Understanding program performance

[PLDI 2009]

Modern software engineers lack sufficient tools for understanding the performance characteristics of their implementations. Traditional methods such as testing and performance profiling are useful, at best, in determining the average-case scenario for a particular hardware platform. In recent years we have shown how symbolic complexity bounds can be obtained automatically via static analysis. These bounds guide programmers toward efficiency as they are designing algorithms, and make them cognizant of when their algorithm is, say, exponential. We demonstrated that bounds can be obtained even for imperative programs with elaborate control-flow such as nested and multi-path loops. The tool that we built, Speed (PLDI 2009), was the first published result that reported experiences running a bound analysis on a real code-base, and it was quite effective. Working with a product team at Microsoft, we applied the tool to a significant server product with over 670,000 lines of code and were able to discover bounds for 90% of the procedures.

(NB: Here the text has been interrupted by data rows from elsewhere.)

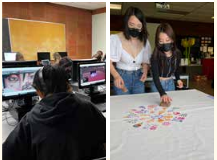
➤ Cawthra Park students participate in the Augmented/Virtual Reality workshops and create a group art project through Mediamakers.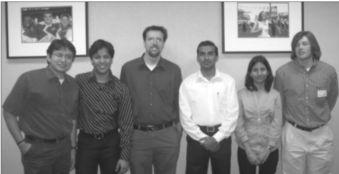
FIGURE A-3 Faculty and students.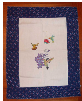
14. Happy Hummingbirds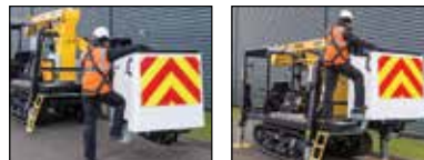
Safe access to bucket from ground or Morooka chassis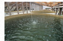
Whiskey Creek Hatchery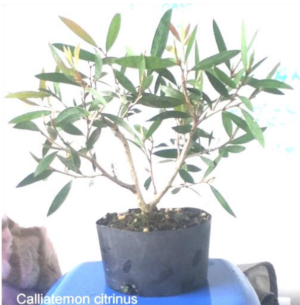
Figure 1. Callistemon citrinus .

Examples of other species were quickly added to the work in process; Callistemon citrinus (Figure 1), Melaleuca fulgens and the good old Ficus rubiginosa to name a few. I liberated a few trees from the "Please Give These Trees a Good Home" area in the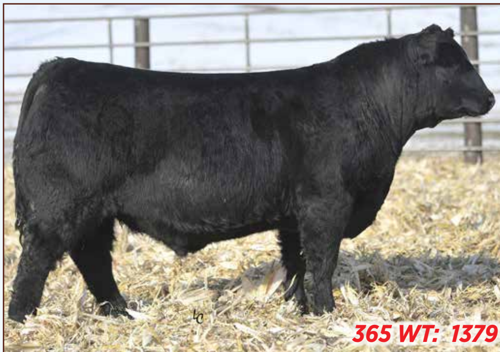
JANSSEN TERRITORY 0033 - Lot 28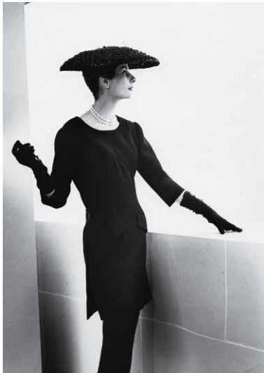
Two examples of the creative legacy of Cristóbal Balenciaga: "tunic" and "midi"

The exhibition's journey ends in 1968 when the maison closed, also referencing the later process of granting heritage status to his work while he was still alive and after the creator passed away.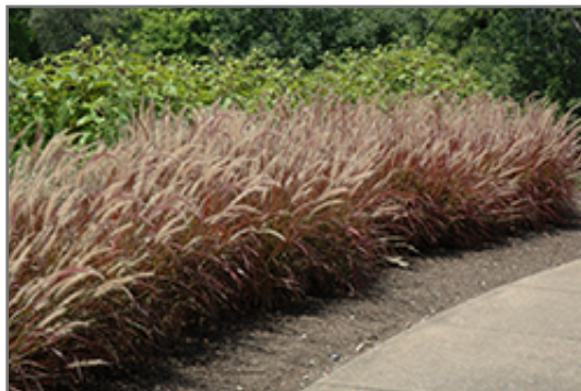
Purple Fountain Grass in bloom

Purple Fountain Grass will grow to be about 4 feet tall at maturity, with a spread of 3 feet. It grows at a medium rate, and under ideal conditions can be expected to live for approximately 10 years. As an herbaceous perennial, this plant will usually die back to the crown each winter, and will regrow from the base each spring. Be careful not to disturb the crown in late winter when it may not be readily seen!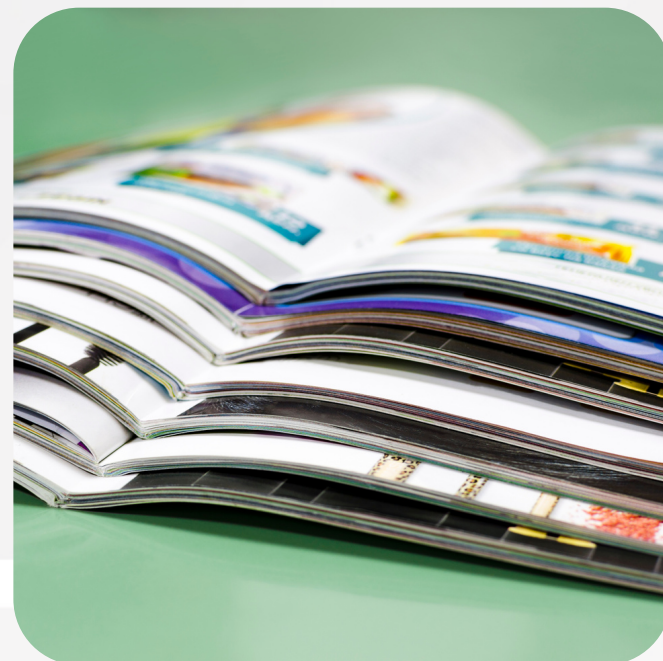
PRODUCT PHOTOGRAPHS, BROCHURE, PITCH DECK, OR DETAILS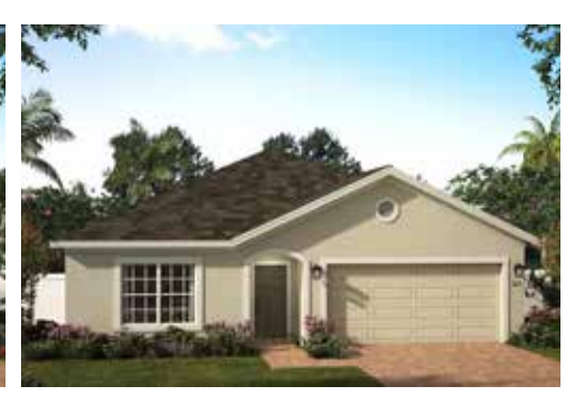
ELEVATION 1 - STUCCO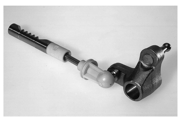
Rack for LuK: The two ball-and-socket joints made of TECAMID GF25 TF10mod. were cast directly on to the parts in a single production cycle by ENSINGER, using two-component

One of the elements connecting the electric motor and the vehicle's gearbox is the rack. This part must be capable of transmitting high forces in either direction. Because of the internal construction of the gearbox actuator, the shift mechanism requires a compensating connector. This is the area between the two ball-and-socket joints of the rack, which is made of the structural plastic TECAMID 66 GF25 TF10 mod. This glass-fibre reinforced, semi-crystalline polyamide is remarkable for its extreme hardness and dimensional stability. This low-wear plastic can be used at constant operating temperatures of up to 110°C, and is therefore particularly suitable for heavily loaded and heat-stressed parts. The ball-and-socket joints are die-cast directly on to the component in one production cycle, thus joining the connector to the rack. The use of two-part technology reduces the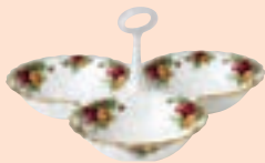
Divided Tray 13cm 40001850 701587018630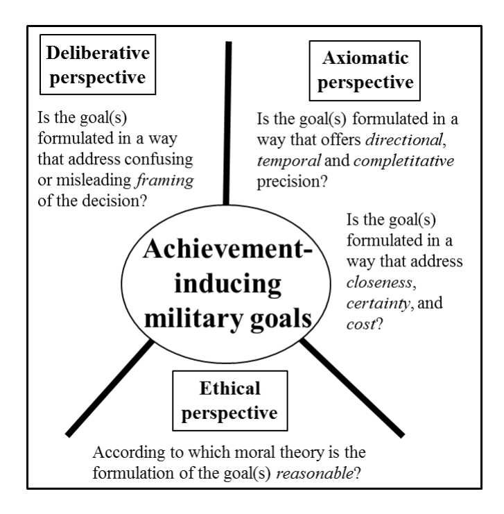
Figure 1: A guideline (a planning tool) when conducting goal-management within operations planning.

Figure 1 visualizes our suggestion on a framework/guideline for managing the methodological challenge of conducting goal-management within operations planning.<sup>11</sup>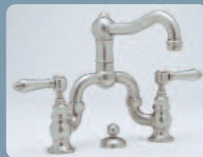
- Satin Nickel - A1419LM shown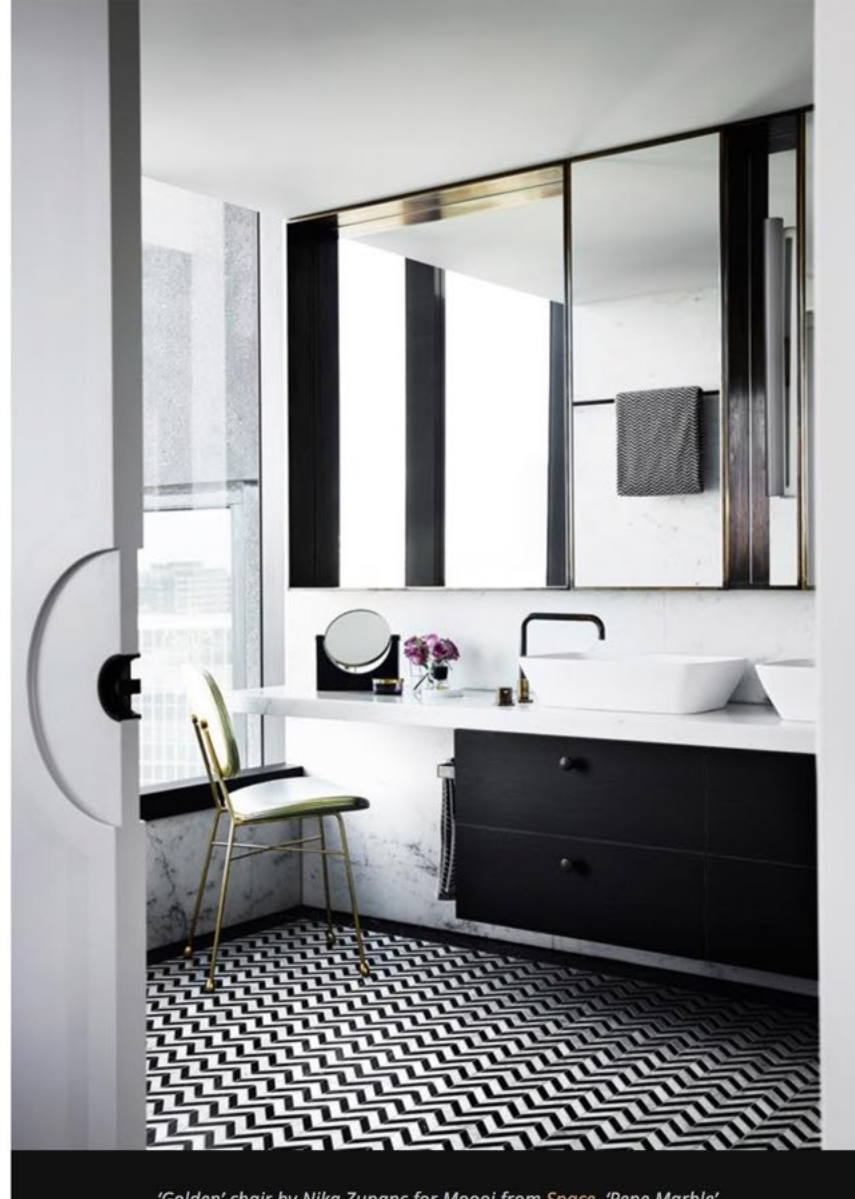
'Golden' chair by Nika Zupanc for Moooi from Space. 'Pepe Marble' tabletop mirror by StudioPepe

Opulent with a timeless aesthetic. Picking up on the owners' love of black and white, we made this a central theme, such as the chevron marble tile with black stone border in the main ensuite.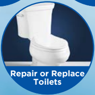
Repair or Replace Toilets

Understanding program behavior at runtime

[EuroSys 2008]

Often the source code of a system is unavailable, either because it is proprietary, or because it is too complex for developers to understand when diagnosing a system. Nonetheless, dynamic analyses can shed light on the behavior of such a system. We built a systems tool called BorderPatrol that monitors components of a distributed system and automatically determines request paths. We showed that our technique works with Zeus (a closed-source commercial product) as well as Apache, PostgreSQL, and TurboGears.

Improving support for atomic sections

[OOPSLA 2013]

A further limitation of existing STMs---optimistic as well as pessimistic---is that they are unable to fully exhaust the parallelism potential because they lack the means to guide concurrent threads toward choices that minimize interference. Thus, transactional memory implementations have to frequently abort and retry threads as they naively trample each other. We have recently found a new way of supporting atomic sections that permits threads to coordinate and exploit their inherent nondeterminism to achieve significantly more parallelism. In this new approach, threads decide what to do based on the potential future behavior of other threads. This stands in contrast with transactional-memory (TM) systems, in which conflict is based on what has been done in the past (operations/commits to the shared state). This form of coordination is serializable (a de facto concurrency correctness criteria) and has a vast performance improvement, often rivaling hand-crafted algorithms.

Ensuring correctness of programs with nondeterministic behavior

[PLDI 2013]

Modern software consists of many possible branching behaviors. Ensuring correctness often involves characterizing universal branching behaviors (that something must happen on every possible next step), existential branching behaviors (that there exists a next step where something is possible), and mixtures of the two. These kinds of behaviors are important in many applications, including planning, games, security analysis, disproving, precondition synthesis, environment synthesis, etc. Yet existing techniques for ensuring the correctness of such properties (in, for example, temporal logics such as CTL, CTL*, and mu-calculus) have limitions that have traditionally restricted their applicability to software (e.g. push-down systems only, universal path quantifiers only, etc). Wr recently introduced an automation strategy that has enabled verification of branching-time properties of programs where previous approaches failed. The method works reliably for properties with non-trivial mixtures of universal and existential temporal operators. The basis of the approach is the observation that existential reasoning can be reduced to universal reasoning if the system's state-space is appropriately restricted. This restriction on the state-space must meet a constraint derived from recent work on proving non-termination. The observation leads to a new route for implementation based on existing tools. We demonstrated that this approach is practical by applying a preliminary implementation to a set of benchmarks drawn from the Windows operating system, the PostgreSQL database server, and the SoftUpdates patching system.